Sicher ist Dir auch aufgefallen das das Yin-Yang spiegelverkehrt ist.


----------



## Joerg (10. Mai 2013)

*AW: Neues Teil im Garten*

Guten Abend Ralph,
macht ihr mal euer Ding.

Das mit dem Yin-Yang wäre mir nicht aufgefalllen aber seit Gestern weiß schon mal das Yin die weibliche Seite darstellt!
Wo auch immer diese Seite liegt, wir werden sie nie ganz verstehen.


----------



## bayernhoschi (10. Mai 2013)

*AW: Neues Teil im Garten*



> das Yin die weibliche Seite darstellt!


schon möglich, es steht ja für Gegensätze.


> Wo auch immer diese Seite liegt, wir werden sie nie ganz verstehen.


----------



## bayernhoschi (16. Mai 2013)

*AW: Neues Teil im Garten*

Hallo an alle die noch mitlesen

ich bin fertig!
Jetzt werdet ihr euch vieleicht fragen: Was hat den da so lange gedauert?
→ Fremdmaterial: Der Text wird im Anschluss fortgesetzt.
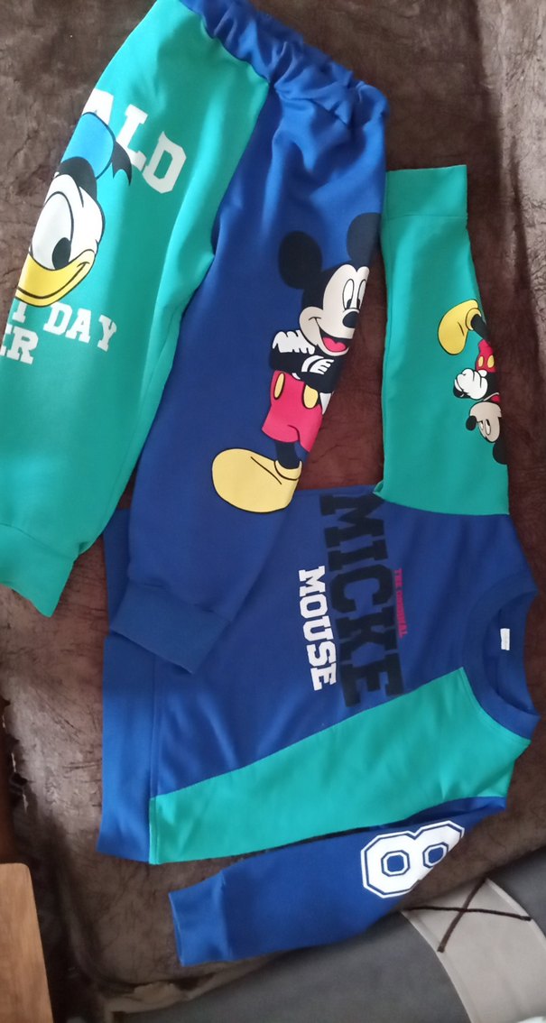 Renkli, uzun kollu ve yuvarlak yakalı erkek- kız çocuk sweatshirtü. Yumuşak kumaş, baskılı Mickey Mouse figürleri ve cırt cırtlı detay içerir.

Ganz einfach, ich wollte das Beet nahezu zum Nulltarif bauen.
Also nur Material verwenden das ich eh dahab, oder umsonst kriegen kann.
Hat nicht ganz funktioniert, ich mußte dazukaufen:
25 kg Pandasplit, der der von Hand sortiert wurde. 4,95 €
75 kg Terrakottasplit. 29,97 €

Den Rest hatte ich da, oder bekam ihn für lau

Gesamtkosten 34,92 €

Ich denke mal das ist

So schaut das ganze jetzt aus.


----------



## Andre 69 (16. Mai 2013)

*AW: Neues Teil im Garten*

Hi Hoschi !


> Hallo an alle die noch mitlesen


Man Hoschi ick hab dir doch im Auge !  Auch dein Neues Äusseres oder Älteres  hab ich mitbekommen !
So nun mal zum Beet !
Ist hübsch geworden ! 
Du musst aber schon auch  den Rest im Budget aufnehmen ! Oder hast du die Einfassung vom Maurerbottich für Umme bekommen ? Und dann musste meiner Frau mal verraten wo man die Dekofiguren für Lau bekommt ?
Muss man dich jetzt mit Aschenputtel als Beinamen versehen ? 
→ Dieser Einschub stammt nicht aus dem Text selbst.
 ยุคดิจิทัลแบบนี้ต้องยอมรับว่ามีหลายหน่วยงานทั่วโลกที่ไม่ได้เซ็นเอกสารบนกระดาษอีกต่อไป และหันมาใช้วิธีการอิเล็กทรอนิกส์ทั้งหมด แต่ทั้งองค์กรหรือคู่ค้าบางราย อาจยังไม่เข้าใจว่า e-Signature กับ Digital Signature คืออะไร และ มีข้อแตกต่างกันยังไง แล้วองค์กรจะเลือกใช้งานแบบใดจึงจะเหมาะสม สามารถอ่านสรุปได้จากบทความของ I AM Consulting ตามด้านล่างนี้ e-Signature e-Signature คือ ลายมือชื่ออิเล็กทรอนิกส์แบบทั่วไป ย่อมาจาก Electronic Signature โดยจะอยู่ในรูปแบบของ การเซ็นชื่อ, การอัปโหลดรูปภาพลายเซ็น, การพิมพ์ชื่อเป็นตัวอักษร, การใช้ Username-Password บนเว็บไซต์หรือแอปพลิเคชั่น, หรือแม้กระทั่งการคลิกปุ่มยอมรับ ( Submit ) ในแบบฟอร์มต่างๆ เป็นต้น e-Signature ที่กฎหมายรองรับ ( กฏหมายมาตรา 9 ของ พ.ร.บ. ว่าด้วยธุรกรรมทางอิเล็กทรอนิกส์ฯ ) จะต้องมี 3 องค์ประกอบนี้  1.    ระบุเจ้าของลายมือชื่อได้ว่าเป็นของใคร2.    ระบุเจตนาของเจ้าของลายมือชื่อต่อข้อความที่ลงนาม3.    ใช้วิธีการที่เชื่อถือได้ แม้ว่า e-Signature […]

> Richtig: ich hab iohn gewaschen und getrennt!!


----------



## bayernhoschi (16. Mai 2013)

*AW: Neues Teil im Garten*

Erst mal danke Andre.
Die Einfassung vom Maurerbottich waren die Abschnitte von der Terasse, also schon da und somit kostenlos.
Dekofiguren waren auch schon da, haben wir vor ca. 4 jahren gekauft, also waren die schon längst bezahlt.
somit? Richtig: Kostenlos


> Muss man dich jetzt mit Aschenputtel als Beinamen versehen ?
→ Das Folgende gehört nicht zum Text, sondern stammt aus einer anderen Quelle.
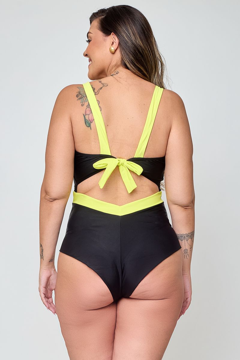 Modelo plus size. Maiô preto com detalhe em lima. Elegante e perfeito para dias de sol.

Da steh ich aufm Schlauch.

Ach noch eins, ich bin wie guter __ Wein, ich werd nicht älter, nur besser


----------



## Andre 69 (16. Mai 2013)

*AW: Neues Teil im Garten*

OK Aschenputtel !
Hast du noch nie das Märchen gesehen ? Was muss sie denn da machen ?
Die beste Verfilmung aller Zeiten ! ab 0.52 min !
Das gute ins Töpfchen , das schlechte ins Kröpfchen ! ( Schlund der Taube )


----------



## bayernhoschi (16. Mai 2013)

*AW: Neues Teil im Garten*

Aschenputtel,
jetzt hab ichs

Ja, so ungefähr gings mir.

Is aber doch was schönes bei rausgekommen


----------



## jolantha (17. Mai 2013)

*AW: Neues Teil im Garten*

Hi,gefällt mir toll, 
so gute Ideen hab ich nie !!!


----------



## bayernhoschi (29. Juni 2013)

*AW: Neues Teil im Garten*

Es ist ein wenig in die Breite gegangen, der Terassenabscnit zum rasen hat mir noch nie gefallen.


----------



## Maifisch (29. Juni 2013)

*AW: Neues Teil im Garten*

Hallo Jörg!
Mir gefällt das auch sehr gut. Prima geworden...!!!
LG Sonja


----------



## bayernhoschi (29. Juni 2013)

*AW: Neues Teil im Garten*

Danke,
aber wiso Jörg
das ist doch meins


----------



## Maifisch (2. Juli 2013)

*AW: Neues Teil im Garten*

Hallo!!! 
DAS war definitiv mein Fehler. Ich bitte vielmals um Entschuldigung Ralph.....
Keine Ahnung, wo ich den Namen her habe, ich hab ja extra noch geschaut 
Also nochmal:
Er ist echt gaaaaanz prima geworden, Ralph
LG Sonja


----------



## bayernhoschi (2. Juli 2013)

*AW: Neues Teil im Garten*

Hey Sonja,
alles gut
Und nochmals Danke


----------